=== EXERCISE INPUT ===

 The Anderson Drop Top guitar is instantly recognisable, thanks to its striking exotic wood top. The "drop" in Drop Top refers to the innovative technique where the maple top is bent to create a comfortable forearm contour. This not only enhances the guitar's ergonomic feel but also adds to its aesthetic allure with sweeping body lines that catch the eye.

===
=== EXERCISE INPUT ===

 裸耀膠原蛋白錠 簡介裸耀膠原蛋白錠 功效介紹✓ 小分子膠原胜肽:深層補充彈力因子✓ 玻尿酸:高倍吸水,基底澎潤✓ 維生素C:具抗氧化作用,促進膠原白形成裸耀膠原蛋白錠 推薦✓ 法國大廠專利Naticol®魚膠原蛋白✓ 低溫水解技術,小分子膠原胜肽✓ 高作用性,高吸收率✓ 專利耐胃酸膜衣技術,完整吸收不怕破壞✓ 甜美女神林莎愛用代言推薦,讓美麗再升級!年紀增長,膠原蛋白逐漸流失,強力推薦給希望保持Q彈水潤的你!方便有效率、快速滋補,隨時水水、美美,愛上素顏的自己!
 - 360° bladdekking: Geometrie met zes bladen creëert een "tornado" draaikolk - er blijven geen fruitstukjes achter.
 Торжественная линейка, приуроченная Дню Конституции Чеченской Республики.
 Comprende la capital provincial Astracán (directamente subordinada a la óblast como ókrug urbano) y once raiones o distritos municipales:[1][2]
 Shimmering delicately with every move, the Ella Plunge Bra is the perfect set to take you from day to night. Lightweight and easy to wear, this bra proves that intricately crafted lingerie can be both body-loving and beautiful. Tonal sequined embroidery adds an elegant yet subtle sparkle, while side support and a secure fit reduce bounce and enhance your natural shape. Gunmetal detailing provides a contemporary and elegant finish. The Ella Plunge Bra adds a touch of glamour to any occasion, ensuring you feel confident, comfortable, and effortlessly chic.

===

**WHAT IS BEING ASKED**
Show each line of the data that contains the string "adds".

**YOUR RESPONSE**
 The Anderson Drop Top guitar is instantly recognisable, thanks to its striking exotic wood top. The "drop" in Drop Top refers to the innovative technique where the maple top is bent to create a comfortable forearm contour. This not only enhances the guitar's ergonomic feel but also adds to its aesthetic allure with sweeping body lines that catch the eye.
 Shimmering delicately with every move, the Ella Plunge Bra is the perfect set to take you from day to night. Lightweight and easy to wear, this bra proves that intricately crafted lingerie can be both body-loving and beautiful. Tonal sequined embroidery adds an elegant yet subtle sparkle, while side support and a secure fit reduce bounce and enhance your natural shape. Gunmetal detailing provides a contemporary and elegant finish. The Ella Plunge Bra adds a touch of glamour to any occasion, ensuring you feel confident, comfortable, and effortlessly chic.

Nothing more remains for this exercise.